# "SUPER-FAST" ESTIMATION OF CELL LOSS RATE AND CELL DELAY PROBABILITY OF ATM SWITCHES

Junjie Wang, K. Ben Letaief, and M. Hamdi \*

The Hong Kong University of Science and Technology Clear Water Bay, Hong Kong

- Abstract In this paper, we consider the evaluation of the cell loss rate (CLR) and cell delay probability (CDP) in nonblocking ATM switches using computer simulations. Specifically, we investigate the application of *importance sampling* techniques as a "super-fast" alternative to conventional Monte Carlo simulation in finding the CLR and CDP in nonblocking ATM switches. A novel "*split switch*" model is developed to decouple the input and output queueing behavior so as to reduce the simulation complexity. Numerical results demonstrate that considerable computation cost can be saved using importance sampling techniques while achieving a high degree of accuracy.
- Keywords: ATM Switch, Performance Evaluation, Importance Sampling, Cell Loss Rate, Cell Delay Probability.

# **1. INTRODUCTION**

In this paper, we consider the performance of ATM switches with respect to cell loss rate (CLR) and cell delay probability (CDP, i.e., the probability distribution of the cell delay). These are clearly some of the important issues in the switch design and a sizable amount of work has been done on the performance evaluation of ATM switches with regard to these QoS parameters [1]-[3]. Due to the complex traffic model, it turns out that close-form solution is difficult to achieve, if not impossible. Alternatively, researchers resort to simulation-based methodologies. Unfortunately, the required CLR for a typical ATM switch is smaller than  $10^{-6}$  for most practical applications. Likewise, some real-time traffic requires a delay threshold probability (i.e., the probability

<sup>\*</sup>This research work was supported in part by the Hong Kong Research Grant Council under the Grant RGC/HKUST 100/92E.
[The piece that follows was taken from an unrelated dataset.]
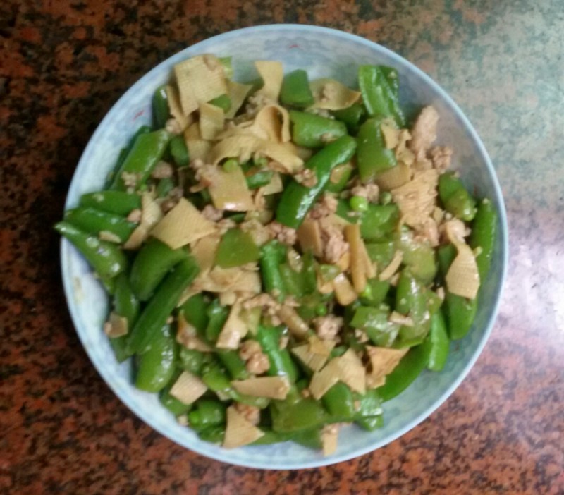 材料准备:荷兰豆(约400克)、豆皮半张(约一元钱)、瘦肉半斤、生姜 步骤: 1、荷兰豆去头尾,剥去丝,然后用淘米水或盐水浸泡二十分钟左右,然后再用清水洗净,捞出晾干备用; 2、豆皮洗净,切细,备用;生姜洗净,切成姜丝,备用; 3、瘦肉洗净,剁细(因为孩子不爱吃大块的肉肉,所以我只好把瘦肉都剁细,但也不用剁成肉末,这样他就喜欢吃了)备用; 4、锅洗净,然后加入适量的清水大火煮,水煮开以后就把荷兰豆全倒到开水里稍煮一小会儿,待其变成绿色后即可捞出沥干水,备用; 5、把锅内飞过荷兰豆的水全倒掉,然后洗干净,然后烧热锅,然后加入适量的花生油,然后加入生姜丝稍爆一下,接着再加入瘦肉末、豆皮稍炒一下,然后再加入荷兰豆一起翻炒,然后再加入生粉水(由酱油、蚝油、盐、生粉和水组成),待汤汁差不多收干时即可关火盛出食用。

that a cell experiences a delay in excess of a particular threshold) is also around  $10^{-6}$  or even smaller [7]. Hence, a prohibitive amount of time is needed in conventional Monte Carlo (MC) simulations to obtain an estimate of these rare events for a particular accuracy requirement.

Importance Sampling (IS), as a promising technique, can significantly reduce the simulation time required to obtain accurate estimates [4]-[6]. In this paper, we consider the application of IS to the estimation of the CLR and CDP in nonblocking ATM switches. Note that the application of IS to the estimation of the CLR in ATM switches has been considered in [3; 6; 8]. However, in these studies, the switch model was a space-division ATM switch with *only* output queues. In this paper, we consider the more practical case of ATM switches with both input and output queues, which makes the analysis more complicated.

The rest of the paper is organized as follows. Section 2 gives a brief introduction of the concept of IS for the estimation of rare events. In Section 3, we propose a notion of "*split switch*" model, where we divide the performance estimation into two sub-problems which deal with the input and output queueing respectively, some IS biasing schemes are developed. Section 4 includes some simulation results illustrating the accuracy and efficiency of the proposed IS schemes. Finally, we conclude in Section 5.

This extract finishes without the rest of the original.